# Red Tails (2012)



## Starbeast (Aug 1, 2011)




----------



## biodroid (Aug 1, 2011)

Can't see the trailer. What's it about? Does the SFX look good?


----------



## Moonbat (Aug 1, 2011)

wow! that looks good. I'm not a huge fan of WWII (is it WWII?) films or even a big fan of planes, but that got me going.

I think, from seeing the trailer, that it is about a group of black fighter pilots being used to protect bombers in WWII, looks like a rousing anti-racism movie with plenty of CGI dogfighting and explosions.  Looks really good though.


----------



## The Ace (Aug 1, 2011)

I love it, "Inspired by true events."

This is one h*ll of a story (the Tuskegee Airmen) and has already been done quite well, now Hollywood's playing fast and loose with _American _history.

The facts;

The US didn't believe Blacks were intellectually capable of becoming fighter pilots, but many volunteered.

Tuskegee AFB was set up to reinforce this by setting up a training regime so rigorous that trainees were expected to, 'Wash out.' Only Blacks were sent there.

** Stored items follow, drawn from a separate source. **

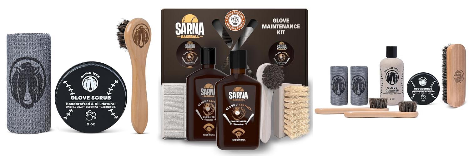 The Rhino Wax Baseball Gloves Complete Cleaning Kit is made to keep your baseball glove in top shape. It has everything you need to clean your glove. The kit includes a scrub for tough dirt, a gentle cleaner for regular use, brushes, and soft cloths. It’s made in the USA and designed to make your glove last longer.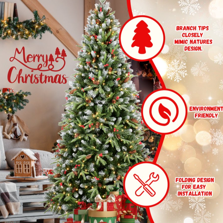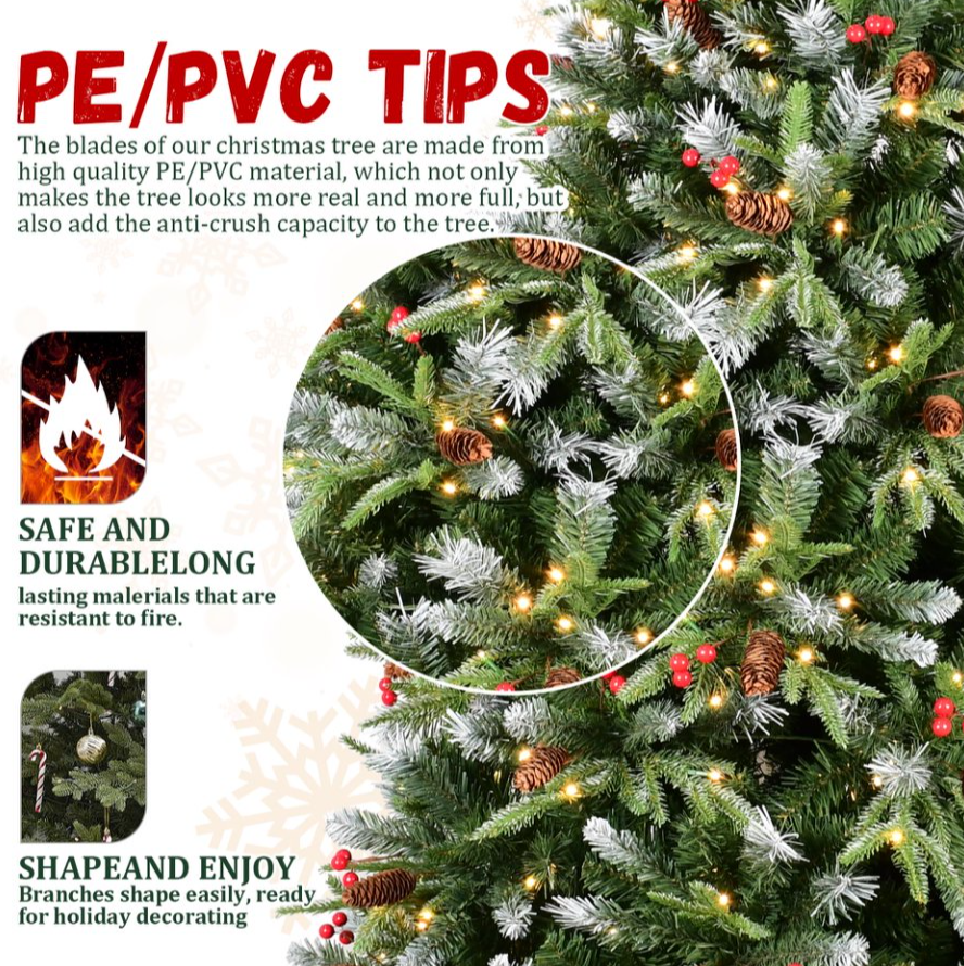 4ft PE PVC Tree Red Fruit 35pcs Pine Cone 35pcs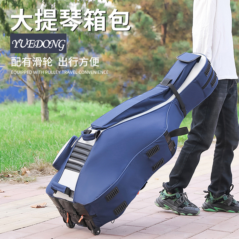 チェロのチェロのチェロのバッグはローラーの滑る車輪のチェロのバッグを持っています。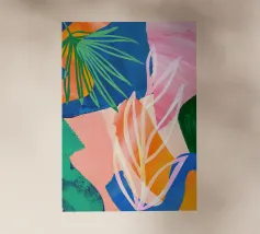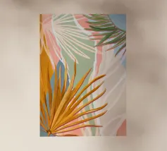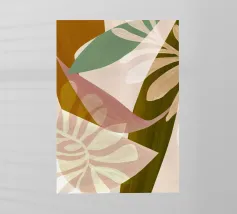 L'opera presenta una luminosa e moderna stampa astratta di foglie, composta da blocchi di colori ricchi e vibranti dipinti a mano. È stratificata con forme di foglie in una composizione a collage.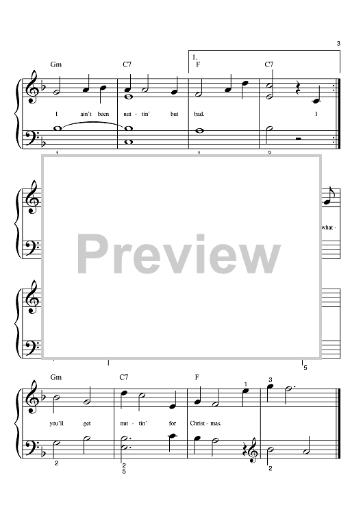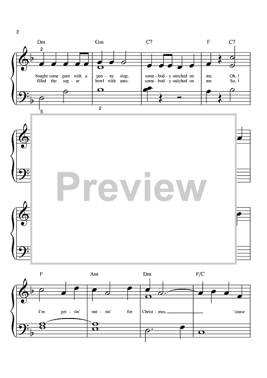 Digital Sheet Music for Nuttin' For Christmas by Sid Tepper, Roy C. Bennett scored for Big Note Piano; id:397925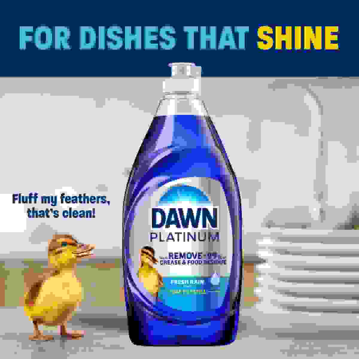Dawn Platinum gives you a squeaky clean that you can see and feel. Dawn Platinum's improved formula easily removes 99% of grease and food residue. Dawn is tough on grease, but gentle. Gentle enough that Dawn is the only brand of dish soap trusted by rescue workers to clean wildlife impacted by oil spills. For more than 40 years, Dawn has helped save wildlife both at the sink, with products designed to get dishes cleaner faster, using less water*, and at the shore, where we work with wildlife rescue experts to protect and care for aquatic wildlife. Dawn dishwashing liquid can even be used to clean items beyond the kitchen sink. Use Dawn Platinum dish soap to pre-treat greasy laundry stains, remove grease and grime from kitchen counters and appliances, and to clean external car surfaces and the outer shroud of a gas grill. Dawn Ultra's powerful formula helps you get through more dishes with less** dishwashing liquid. Made with biodegradable surfactants. #1 Brand*** in North America.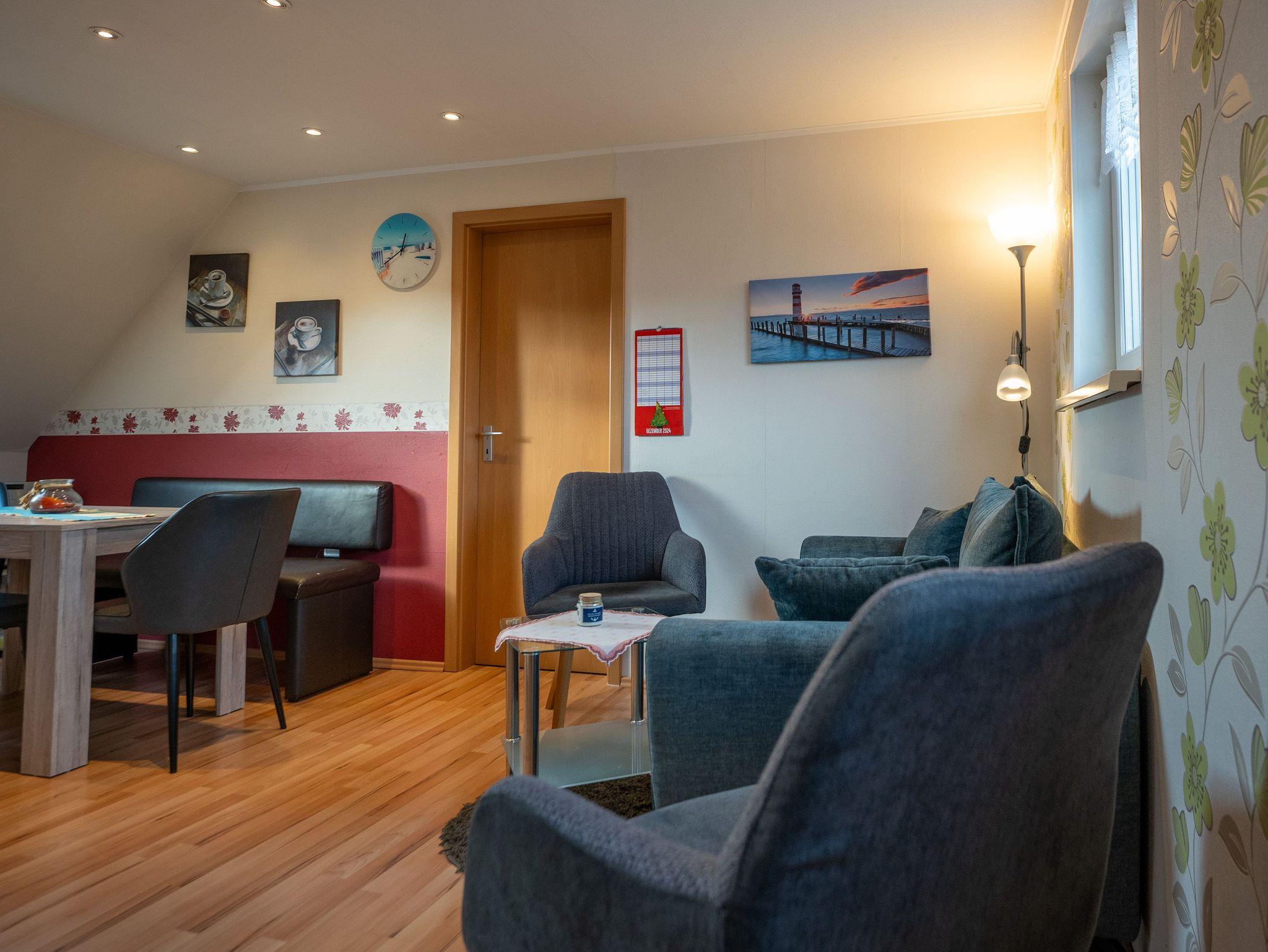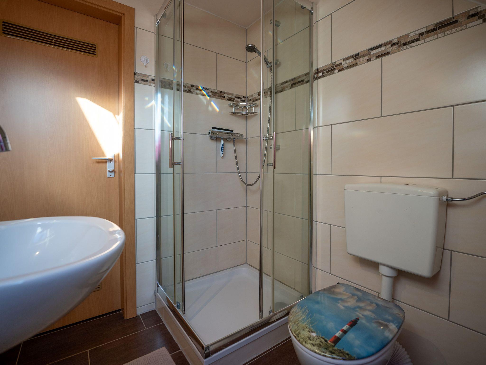 In der Wohnküche befindet sich eine voll ausgestattete Küchenzeile mit Kaffeemaschine, Wasserkocher, Toaster, Geschirrspüler, Backofen mit vier Ceranfeldplatten, Mikrowelle und Kühlschrank mit Gefrierfach. Eine gemütliche Essecke rundet diesen Bereich ab. Der Wohnbereich lädt mit einem Sofa und seinen Cocktailsesseln sowie einem 32 Zoll Flachbild Fernseher zum Relaxen ein. Ein Schlafzimmer ist mit einem Doppelbett (1,60 m x 2,00 m) ausgestattet. Das ander schlafzimmer (Kinderzimmer) ist mit 2 Einzelbetten (0,90 m x 2,00 m) versehen. Des Weiteren steht für ein Kleinkind, ein Kinder-Reisebett zur Verfügung. Das Bad ist mit einer Dusche, einer Toilette sowie einem Waschbecken ausgestattet.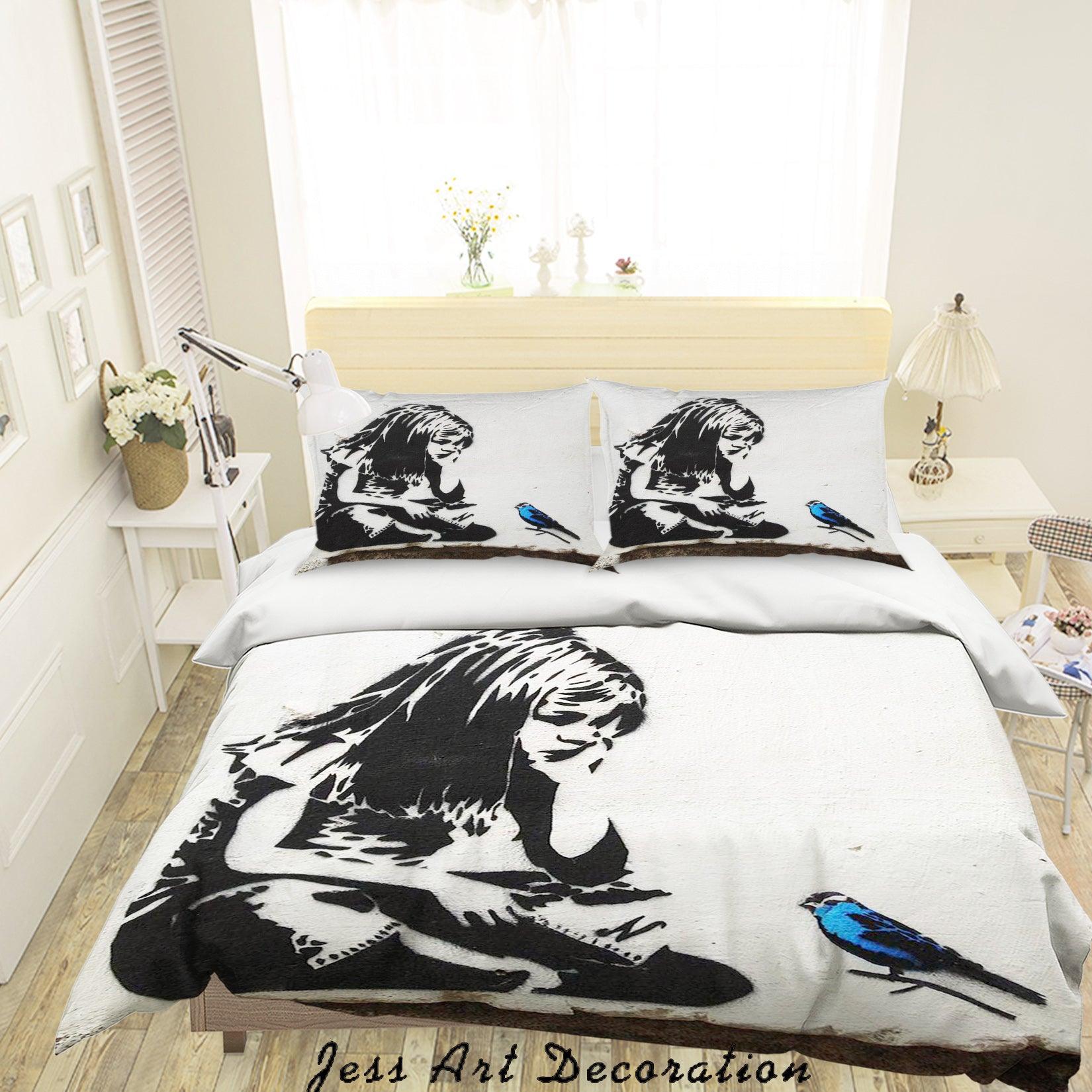 3D Banksy Mural Alone Girl Color Bird Quilt Cover Set Bedding Set Duvet Cover Pillowcases ZY D94
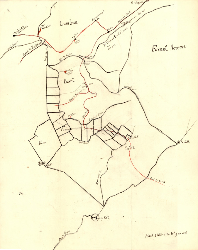 The anonymous cartographer is especially concerned with documenting the location of local landmarks—rivers, roads, and particularly agricultural sites. While the map is carefully drawn and neatly labeled, the creator also used breezy generalizations, like “In this part all Farms.” At 13×16 inches, the map is small enough to be hand-held and was likely intended for internal use by the Litein Station staff members. Although the document does not include a key to explain the differences between the red and black ink roads or dots, it does highlight several AIM-related locations, including the “Nyakach Mission” on the far upper left corner and the “Amala Post” centered at the bottom of the document.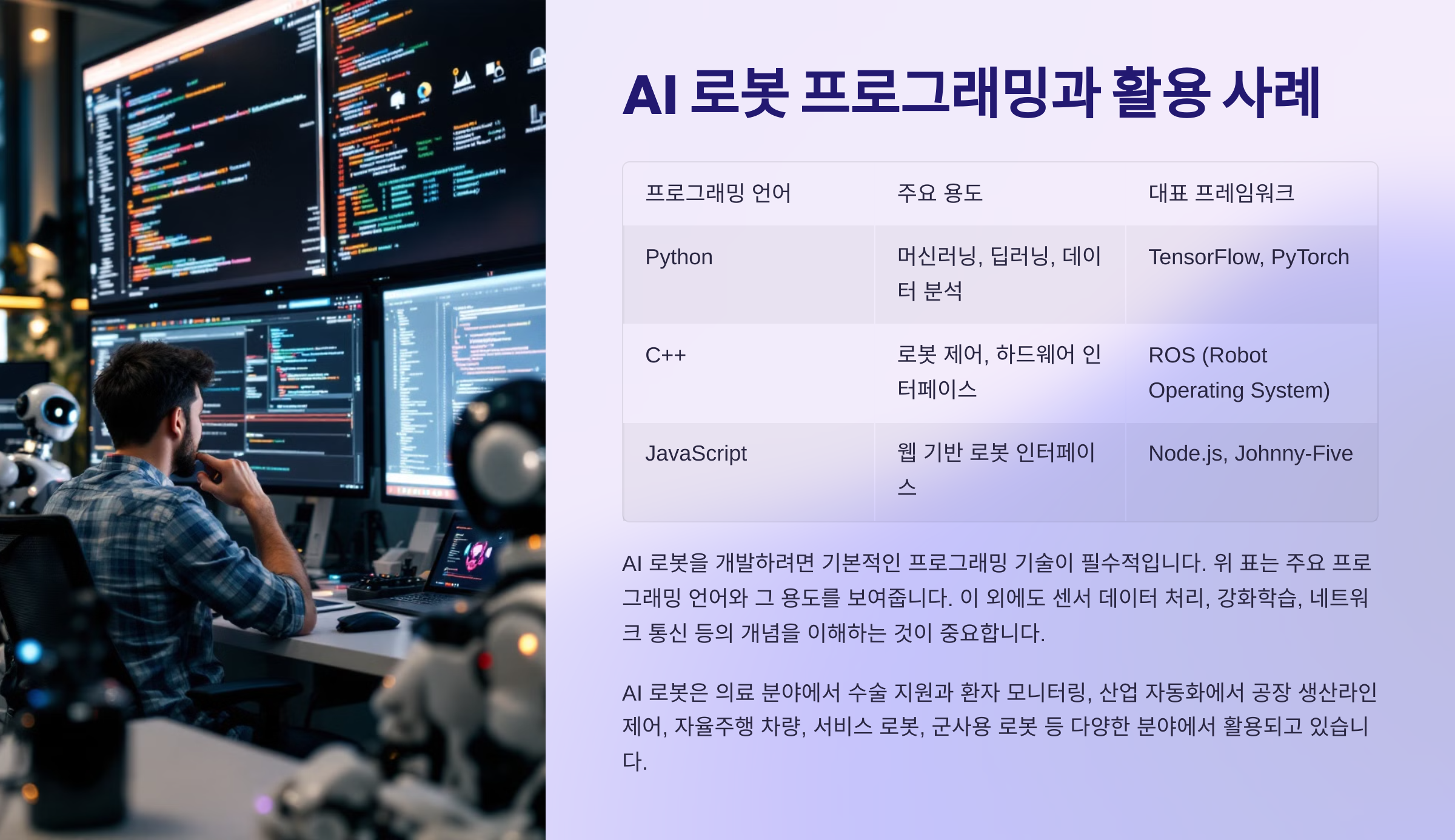 AI 로봇을 개발하려면 기본적인 프로그래밍 기술이 필수적입니다. 주요 프로그래밍 언어 및 프레임워크를 정리하면 다음과 같습니다.

The result was the 332nd Fighter Group, the only all-Black fighter formation in the USAAF.  Distinguished by the red-painted tails of their aircraft, it was their  proud boast that they never lost a bomber while on escort duty (an alternative figure of 25 bomber losses over 200+ missions is still very impressive, by anybody's standards).


----------



## Moonbat (Aug 1, 2011)

It sounds like, in their efforts to ensure no black became pilots, that they actually got a small group of pilots that were better than their white equivalents by virtue of a harder training regime, therefore making a case that white pilots were not good enough.


----------



## Starbeast (Aug 2, 2011)

Tuskegee Airman Tribute


----------



## Starbeast (Dec 11, 2011)

*Red Tails* will be released in January, I can hardly wait!  It's almost here!


----------